6 ways to boost your income
Budgets and penny-pinching are all well and good, but if you’re looking to give your income a serious lift, there is no substitute for entrepreneurial grit.
Many turn talent and expertise into a second source of income, providing consulting services on the side, for example, while maintaining their full-time jobs.
Others put more skin in the game, making major investments to start local franchise operations or purchase rental property in pursuit of passive income.
But all who call themselves successful share similar character traits: a rock-solid work ethic and a willingness to roll up their sleeves.
If you count yourself among them, the following money-making opportunities might help give you the raise you deserve.
Share knowledge for profits
The obvious first step is to use what you know to create part-time gigs you can do on nights and weekends. Speak a second language? Offer classes at your local library or community center. Great at math? Start tutoring, which can command up to $60 per hour. Start a home decorating service, become a fly-fishing guide, offer workshops on creative writing, cake decorating, wedding photography — the opportunities are limitless and those who differentiate themselves can generate an extra $500 per month. You can double that figure if you’re handy with computers. IT consultants charge $80 per hour or more, while Web designers charge anywhere from $500 to several thousand dollars to create company websites.
Franchise to freedom
You could also make a bundle by buying a franchise, in which you pay for the right to use a company’s trademark and name. That includes food chains, health clubs, hair care studios, cleaning services and financial support service firms. Typically, the franchisor provides startup expertise, marketing strategies, management guidance, financial assistance and training — making it easy to hit the ground running. But most also require minimum cash on hand to even start the discussion — which can come from savings, home equity, 401(k)s or stock portfolios.
Subway sandwich shop, for example, requires franchisees to have $12,500 in available cash, according to Franchise Solutions, and estimates the overall investment to establish a restaurant ranges from $92,050 to $222,800, which can come from cash and business loans. Some franchises, including YoNaturals, which stocks organic snack vending machines, even cater to the home-based crowd. Just be sure to do your homework before signing on and find a product you can sell. It’s hardly a sure thing, but successful franchisees can easily clear six figures a year.
Drive for money
A less conventional, but potentially lucrative way to generate extra cash is to drive recreational and specialty vehicles to the dealerships where they’re sold — including school buses, RVs, Greyhound buses, armored vehicles and ambulances, which don’t fit on the back of car carriers.
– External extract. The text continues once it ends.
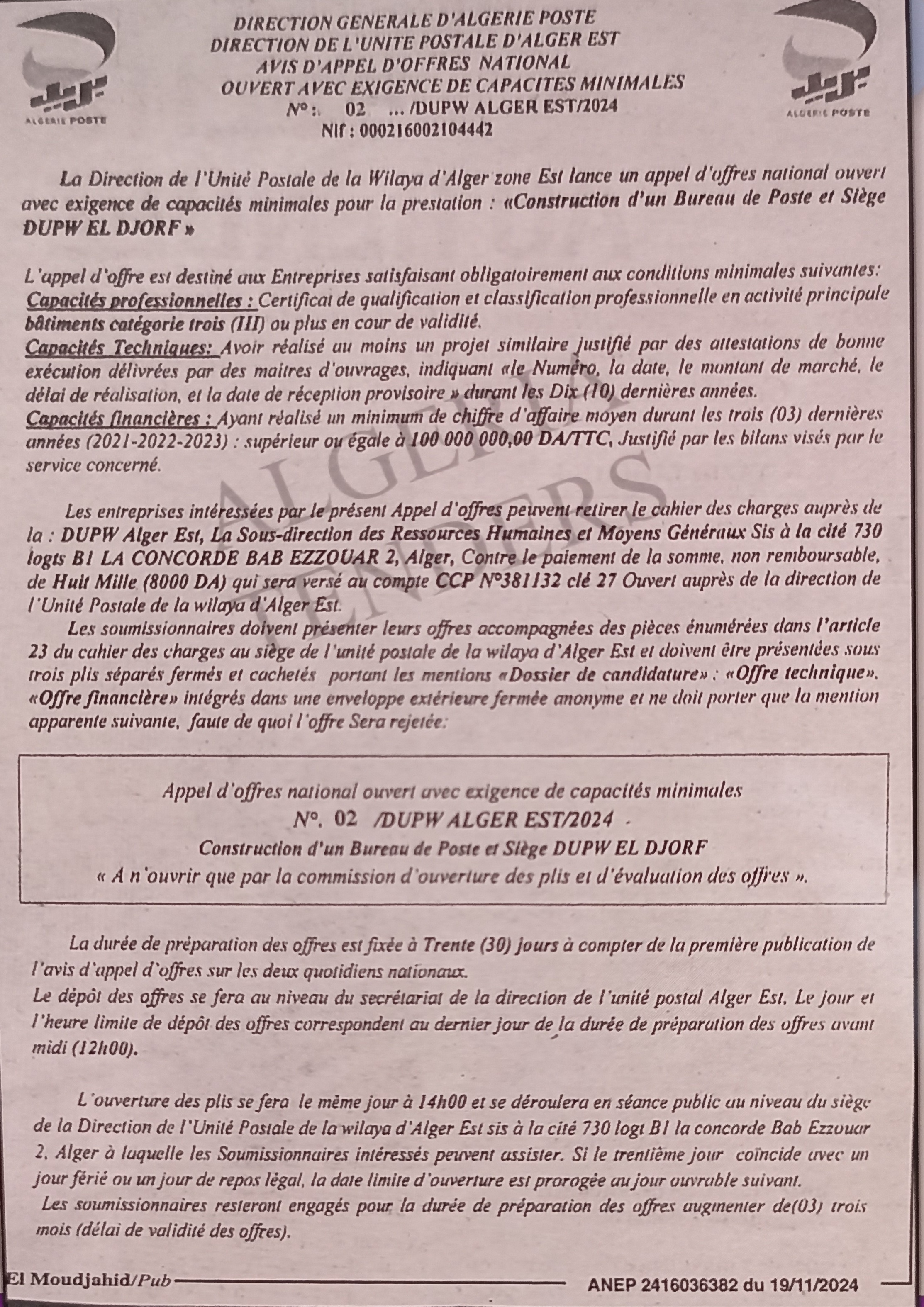 Objet : Construction d'un bp et siège el djorf ALGER EST

Most manufacturers that hire drivers require a commercial driver’s license, which requires a small investment of time and money on your part. Full-time drivers can earn upward of $50,000, says Craig Chilton, founder of TravelForPay.org, which connects drivers with hiring companies. But, the estimated 10,000 drivers who make Saturday and Sunday deliveries can pocket $300 per weekend. The job is particularly well-suited to college students and teachers who have summers off, as well as retirees, says Chilton.
Find a roommate
This is a tough one if you’re raising three kids, but if you live alone, you might consider renting out your spare bedroom or basement. Depending on where you live and the amenities in your home, you could bring in an extra $500 to $1,500 a month without lifting a finger. Just be sure to screen your candidates carefully. Do a criminal-background check. Get referrals from prior landlords, check their credit score and independently confirm their employment.
Create passive income
To truly attain financial freedom, you’ll have to pursue passive sources of income, meaning investments that generate wealth with little ongoing involvement from you. Examples include publishing royalties, profit from business partnerships, dividends from equities and rental income. Purchasing a rental property requires a significant upfront investment, but the potential payoff is huge. Focus on buying several multifamily units rather than one single-family home, says Robert Cain, publisher of the Rental Property Reporter.
“If you buy four units (rental apartments) you can make $400 to $600 a month, depending on your market, whereas you’ll likely make $100 to $150 a month after expenses on a single-family rental — and that’s if you buy smart,” he says. Over time, says Cain, your rental fees will climb, while your expenses remain the same (if you get a fixed-rate loan). And don’t forget, you have someone else helping you pay off an appreciating asset.
Speak for success
Afraid of public speaking? You’d better get over it, and fast. Those able to draw a crowd, like best-selling authors, politicians and celebrities, can command $30,000, $50,000 — even $100,000 per engagement. Without the benefit of notoriety, however, the rest of us are more likely to fetch from $500 to $5,000 per gig — but only if you bring something fresh to the table. (You may also have to start off speaking for free.) Troll your areas of expertise for subject matter and start organizing your message. And don’t limit yourself to financial workshops or motivation lectures. Consider your hobbies as fodder for seminars. Speakers bureaus can connect you with venues, but they’ll also take a cut of your profit — as much as 30 percent.
In today’s economy where job security is uncertain, the importance of diversifying your income cannot be overstated. Some business ventures, however, have a bigger potential payoff than others. Your available assets and appetite for risk will determine which course of action is right for you.